A vote to reelect President Joe Biden, the GOP often charges, is really a vote for Vice President Kamala Harris. It's an attack line sometimes tinged with racist and misogynist undertones and often macabre imagery.

But after Biden's dismal performance at last week's presidential debate, which has sparked Democratic calls for him to step aside, what was once dismissed as a far-right conspiracy — Harris replacing Biden — could now have a chance of coming to pass.
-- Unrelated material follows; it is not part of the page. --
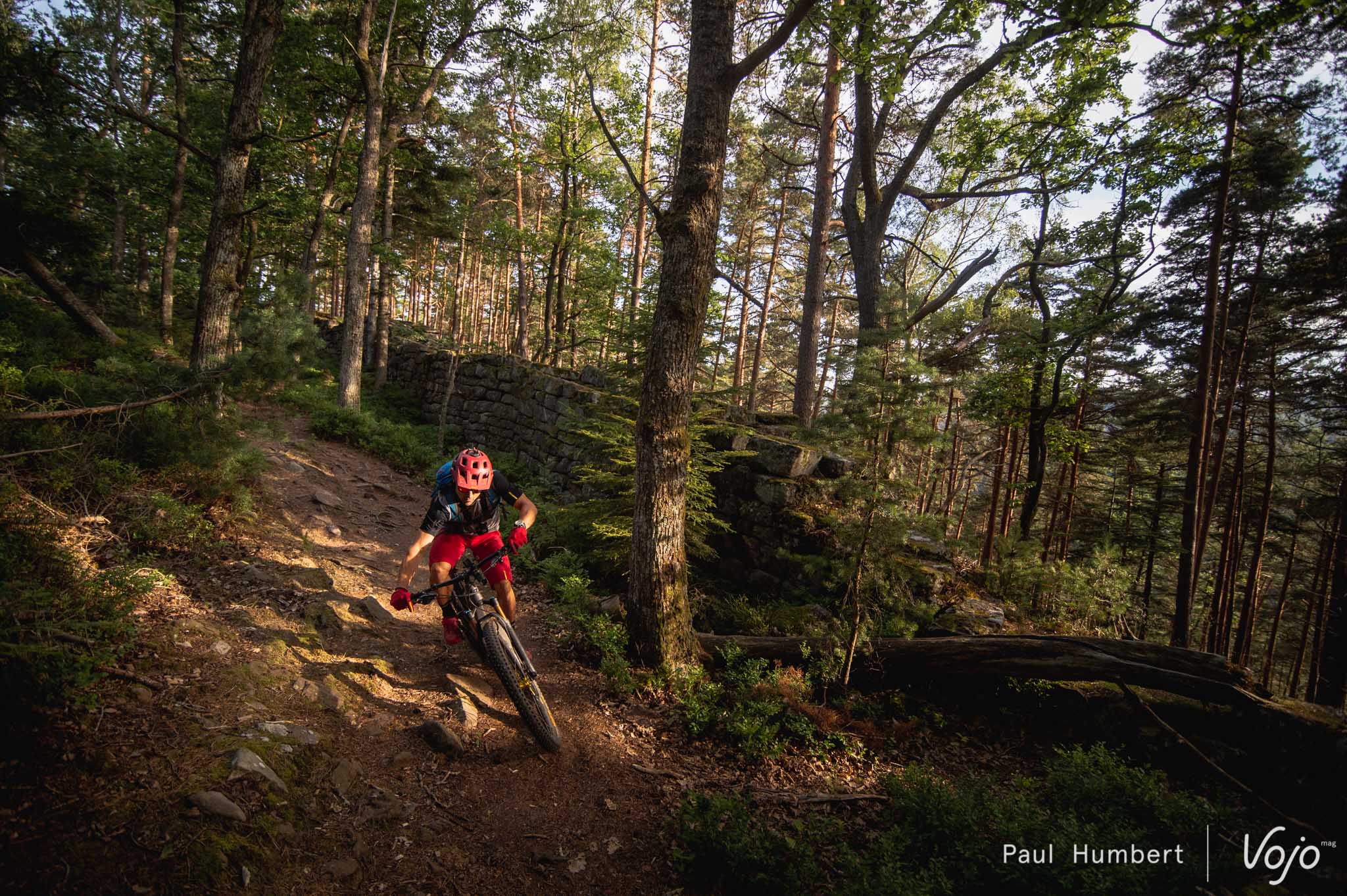 En s’associant à Fred et à Lapierre, nous avons attrapé un des derniers Zesty de la marque pour s’élancer ensemble. On s’arrête dans le beau kiosque Jadelot et on fait le compte des ruines de châteaux qui s’observent à des kilomètres à la ronde.

And Republicans, including Donald Trump, are ramping up their attacks.

Trump and his allies have been rolling out new attack lines against Harris, insulting her abilities, painting her as Biden's chief enabler and accusing her of being part of a coverup of his health. It's an effort, campaign officials insist, that is not a reflection of their concerns about a potential change at the top of the ticket, given Biden's insistence he is not leaving the race.

But in a post marking Independence Day on his Truth Social site Thursday, Trump singled out Harris, calling her his “potentially new Democrat Challenger” and giving her a new derisive nickname: “Laffin’ Kamala Harris.”

“She did poorly in the Democrat Nominating process, starting out at Number Two, and ending up defeated and dropping out, even before getting to Iowa, but that doesn’t mean she’s not a ‘highly talented’ politician! Just ask her Mentor, the Great Willie Brown of San Francisco,” he wrote. ( Harris dated Brown in the mid-1990s.)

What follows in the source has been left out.